[Opening Data provided section]

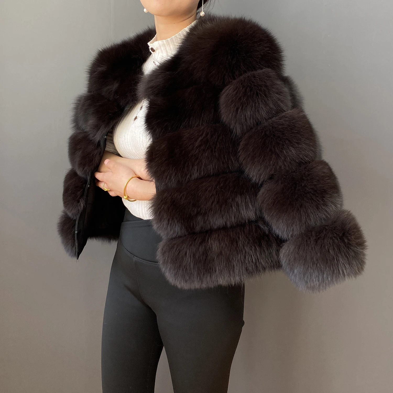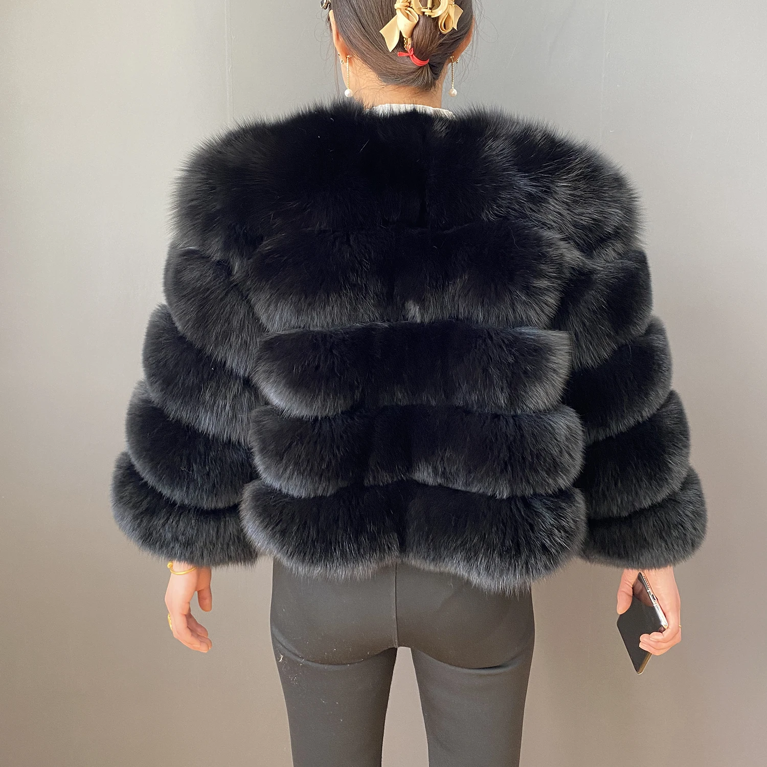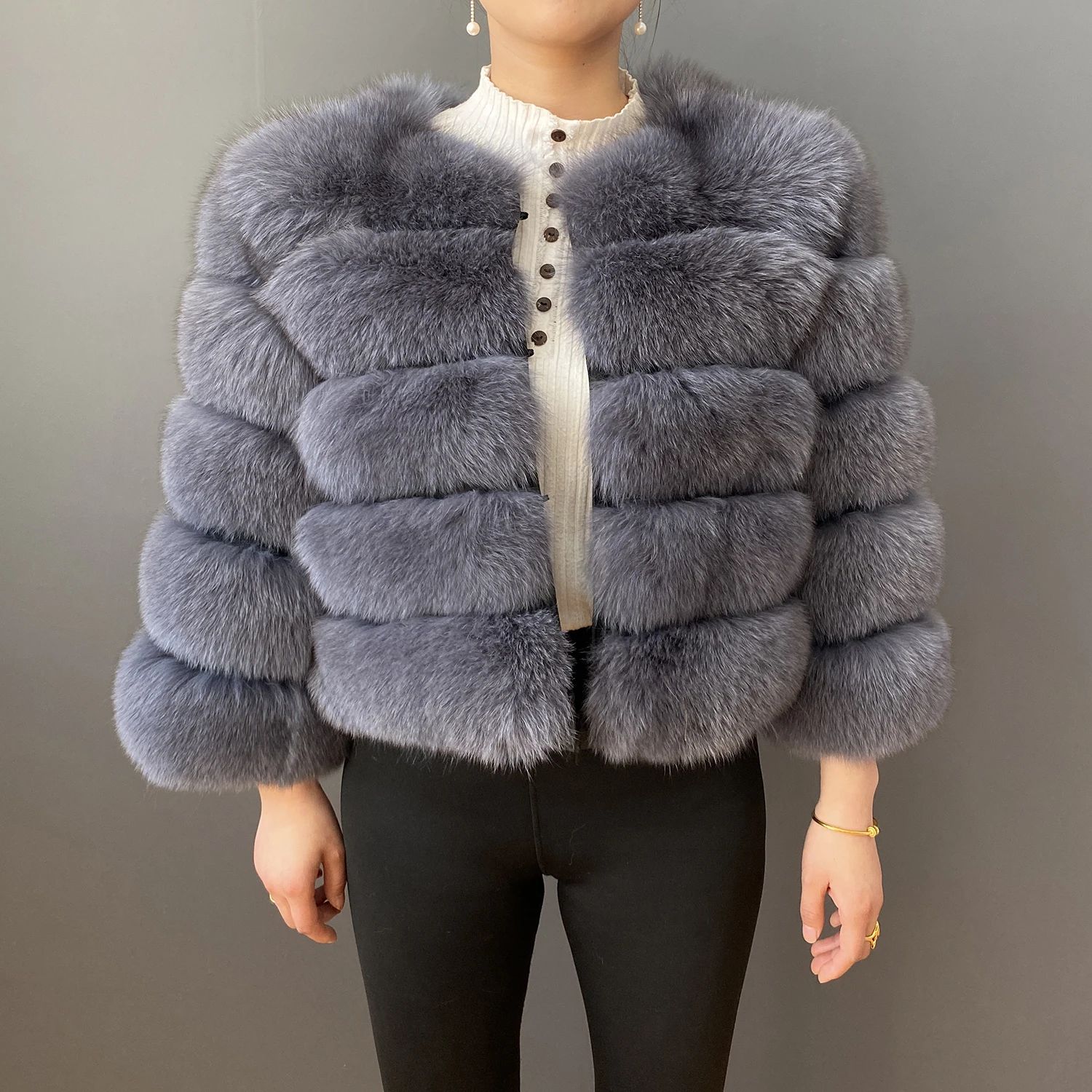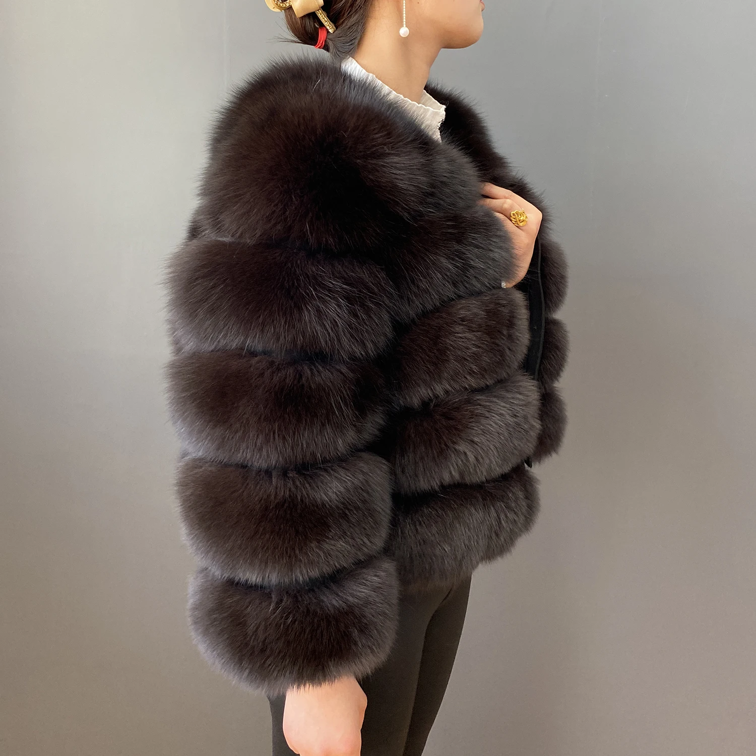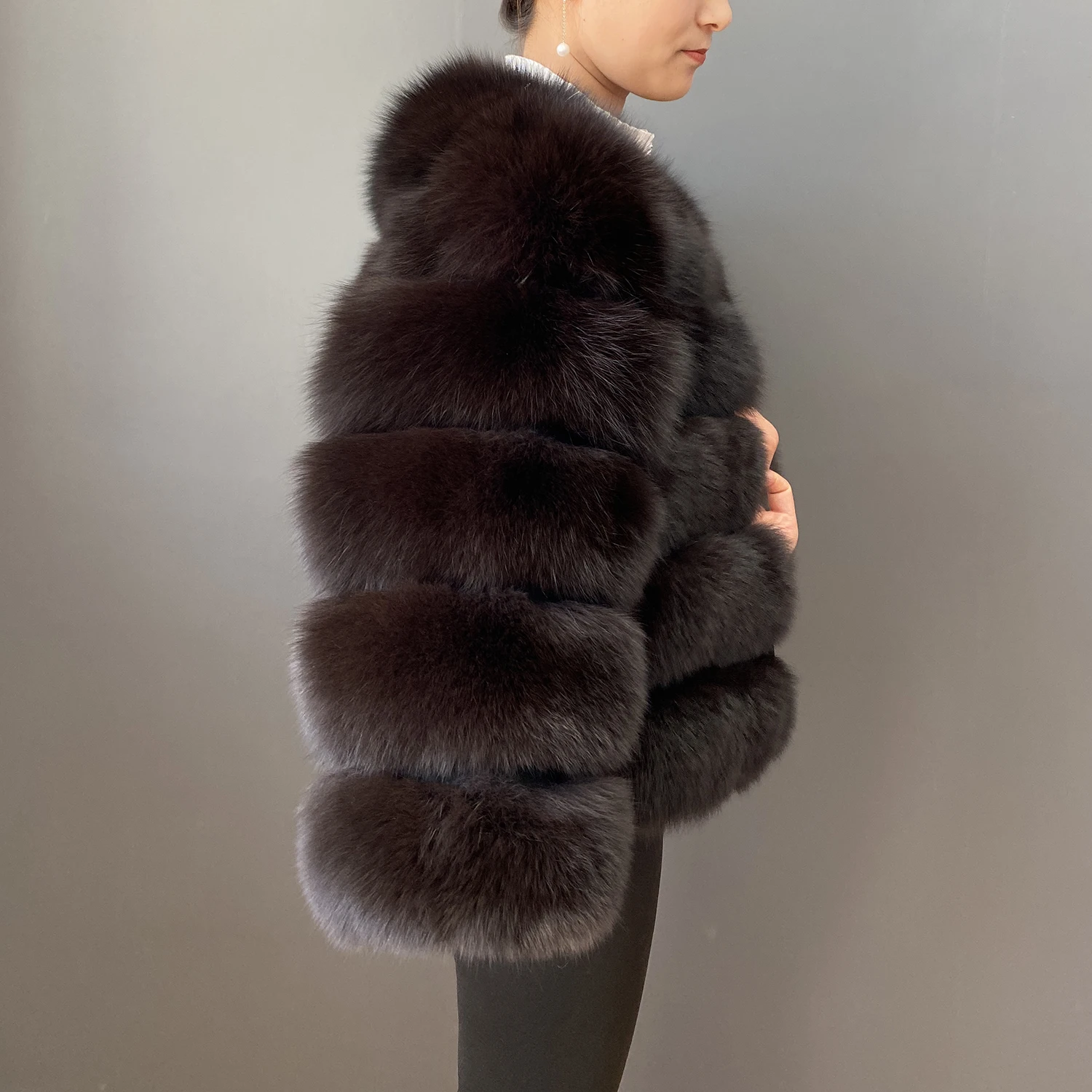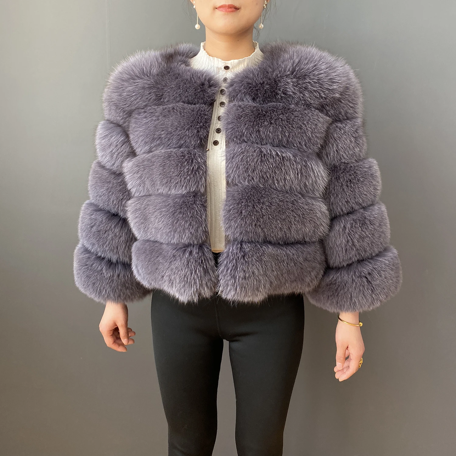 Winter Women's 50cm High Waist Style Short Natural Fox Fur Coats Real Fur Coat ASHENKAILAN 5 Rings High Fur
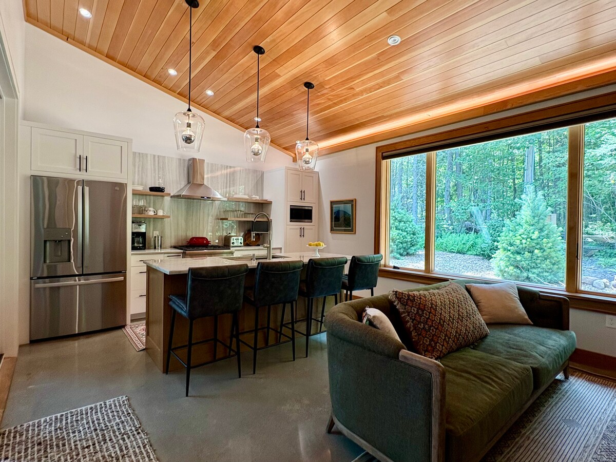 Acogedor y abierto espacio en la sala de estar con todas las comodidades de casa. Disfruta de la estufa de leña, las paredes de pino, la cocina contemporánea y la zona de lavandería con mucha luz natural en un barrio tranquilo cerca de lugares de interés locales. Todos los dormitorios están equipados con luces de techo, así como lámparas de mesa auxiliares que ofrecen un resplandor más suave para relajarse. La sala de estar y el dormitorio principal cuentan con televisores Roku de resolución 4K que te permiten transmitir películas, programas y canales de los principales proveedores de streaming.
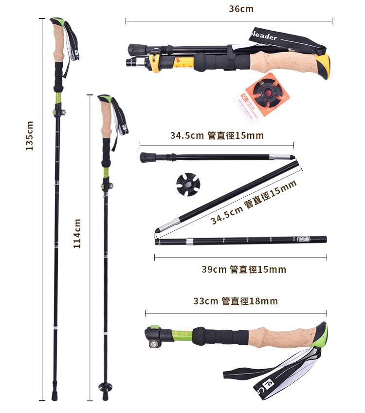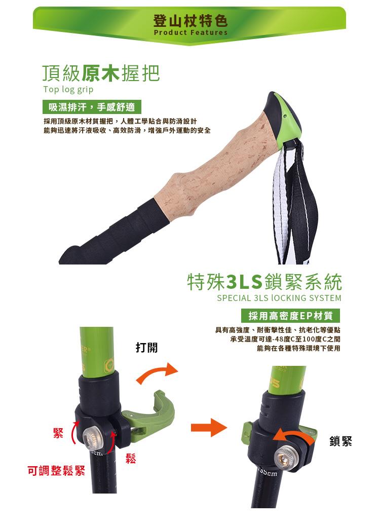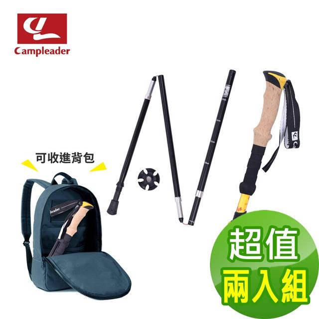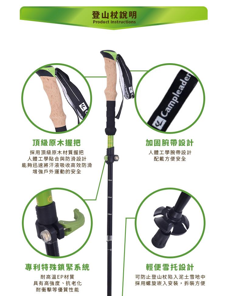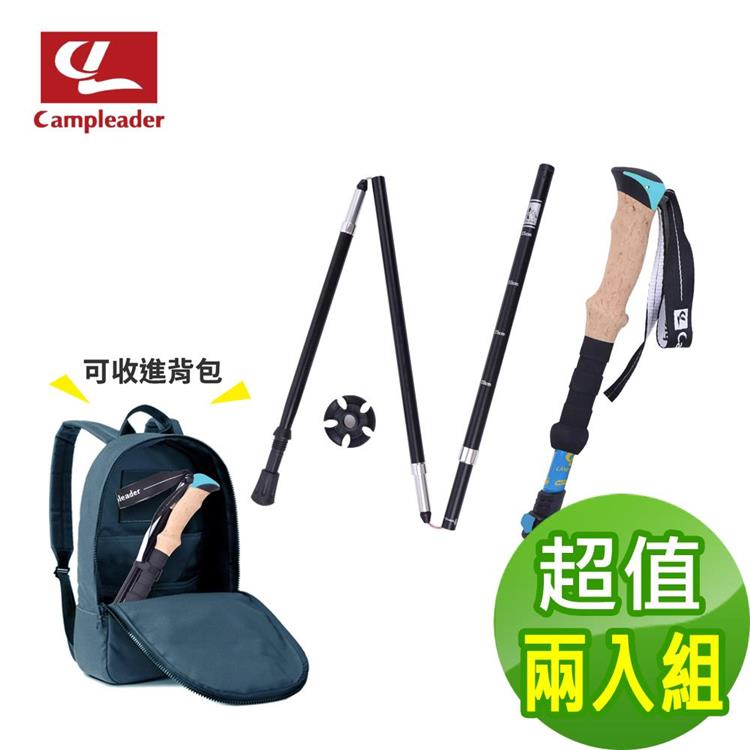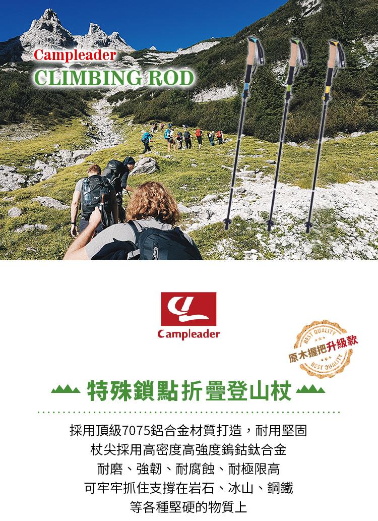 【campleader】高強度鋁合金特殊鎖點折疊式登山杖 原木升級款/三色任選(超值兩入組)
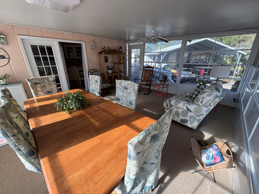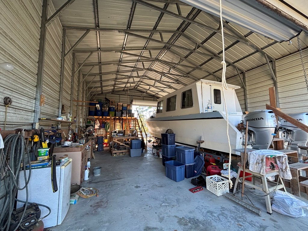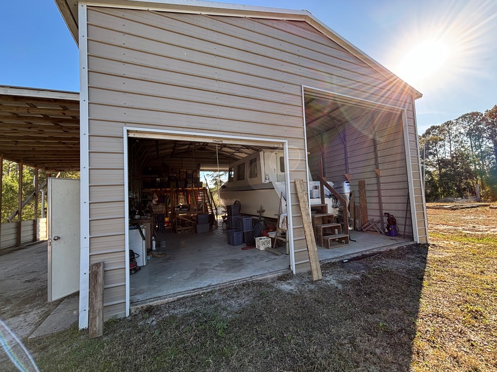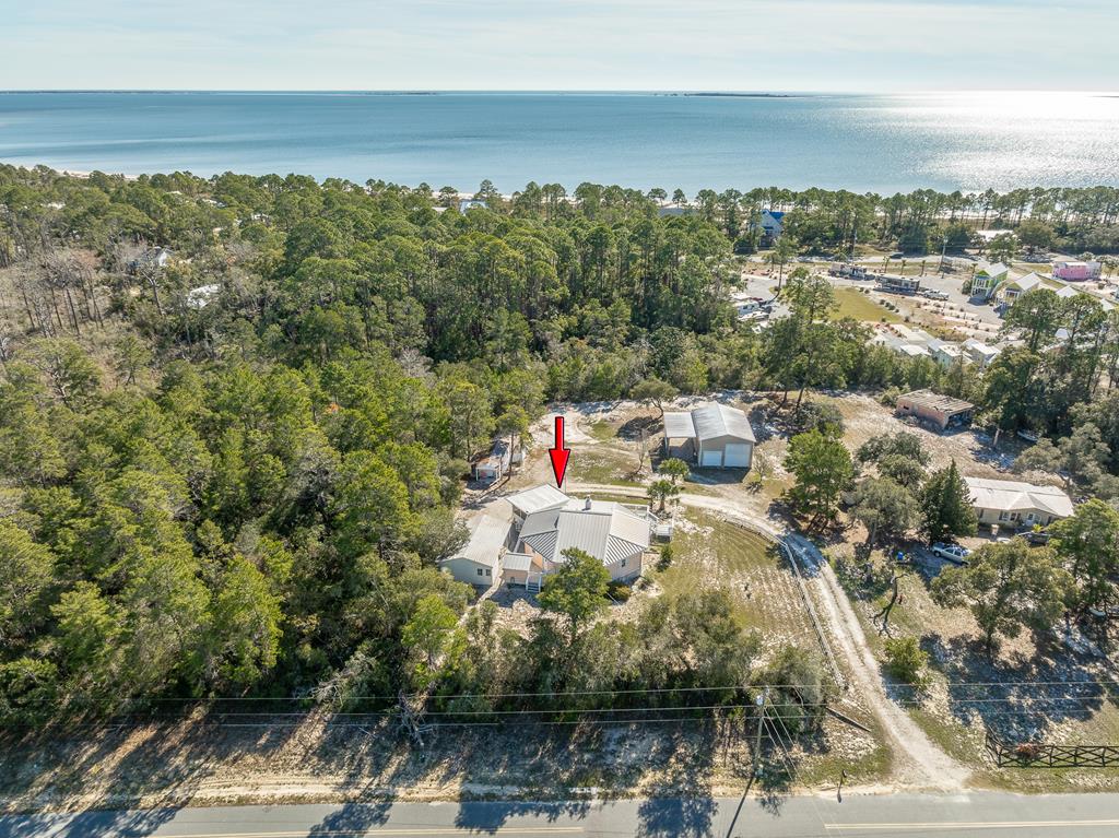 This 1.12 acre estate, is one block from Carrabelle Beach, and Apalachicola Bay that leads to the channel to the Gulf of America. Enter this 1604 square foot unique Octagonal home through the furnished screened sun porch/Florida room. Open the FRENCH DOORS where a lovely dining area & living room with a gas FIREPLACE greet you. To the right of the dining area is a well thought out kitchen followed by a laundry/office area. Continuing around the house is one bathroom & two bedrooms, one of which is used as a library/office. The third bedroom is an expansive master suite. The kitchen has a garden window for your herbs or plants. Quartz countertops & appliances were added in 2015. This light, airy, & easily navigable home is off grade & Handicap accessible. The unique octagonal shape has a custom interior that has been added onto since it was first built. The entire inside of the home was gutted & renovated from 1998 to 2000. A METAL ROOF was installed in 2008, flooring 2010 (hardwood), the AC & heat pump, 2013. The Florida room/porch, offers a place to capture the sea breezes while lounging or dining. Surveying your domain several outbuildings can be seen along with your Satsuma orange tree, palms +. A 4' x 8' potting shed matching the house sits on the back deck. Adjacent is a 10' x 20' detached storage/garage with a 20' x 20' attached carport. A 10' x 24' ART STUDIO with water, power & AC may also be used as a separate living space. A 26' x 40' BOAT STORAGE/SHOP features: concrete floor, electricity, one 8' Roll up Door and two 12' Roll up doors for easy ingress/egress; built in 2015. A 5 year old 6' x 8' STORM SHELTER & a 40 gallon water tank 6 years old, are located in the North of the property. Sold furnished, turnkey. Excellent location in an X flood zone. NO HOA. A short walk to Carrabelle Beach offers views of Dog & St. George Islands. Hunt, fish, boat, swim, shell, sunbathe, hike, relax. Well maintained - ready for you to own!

[Closing Data provided section]

From the first line to the last, copy the listing above exactly, dropping all images.

 Winter Women's 50cm High Waist Style Short Natural Fox Fur Coats Real Fur Coat ASHENKAILAN 5 Rings High Fur
 Acogedor y abierto espacio en la sala de estar con todas las comodidades de casa. Disfruta de la estufa de leña, las paredes de pino, la cocina contemporánea y la zona de lavandería con mucha luz natural en un barrio tranquilo cerca de lugares de interés locales. Todos los dormitorios están equipados con luces de techo, así como lámparas de mesa auxiliares que ofrecen un resplandor más suave para relajarse. La sala de estar y el dormitorio principal cuentan con televisores Roku de resolución 4K que te permiten transmitir películas, programas y canales de los principales proveedores de streaming.
 【campleader】高強度鋁合金特殊鎖點折疊式登山杖 原木升級款/三色任選(超值兩入組)
 This 1.12 acre estate, is one block from Carrabelle Beach, and Apalachicola Bay that leads to the channel to the Gulf of America. Enter this 1604 square foot unique Octagonal home through the furnished screened sun porch/Florida room. Open the FRENCH DOORS where a lovely dining area & living room with a gas FIREPLACE greet you. To the right of the dining area is a well thought out kitchen followed by a laundry/office area. Continuing around the house is one bathroom & two bedrooms, one of which is used as a library/office. The third bedroom is an expansive master suite. The kitchen has a garden window for your herbs or plants. Quartz countertops & appliances were added in 2015. This light, airy, & easily navigable home is off grade & Handicap accessible. The unique octagonal shape has a custom interior that has been added onto since it was first built. The entire inside of the home was gutted & renovated from 1998 to 2000. A METAL ROOF was installed in 2008, flooring 2010 (hardwood), the AC & heat pump, 2013. The Florida room/porch, offers a place to capture the sea breezes while lounging or dining. Surveying your domain several outbuildings can be seen along with your Satsuma orange tree, palms +. A 4' x 8' potting shed matching the house sits on the back deck. Adjacent is a 10' x 20' detached storage/garage with a 20' x 20' attached carport. A 10' x 24' ART STUDIO with water, power & AC may also be used as a separate living space. A 26' x 40' BOAT STORAGE/SHOP features: concrete floor, electricity, one 8' Roll up Door and two 12' Roll up doors for easy ingress/egress; built in 2015. A 5 year old 6' x 8' STORM SHELTER & a 40 gallon water tank 6 years old, are located in the North of the property. Sold furnished, turnkey. Excellent location in an X flood zone. NO HOA. A short walk to Carrabelle Beach offers views of Dog & St. George Islands. Hunt, fish, boat, swim, shell, sunbathe, hike, relax. Well maintained - ready for you to own!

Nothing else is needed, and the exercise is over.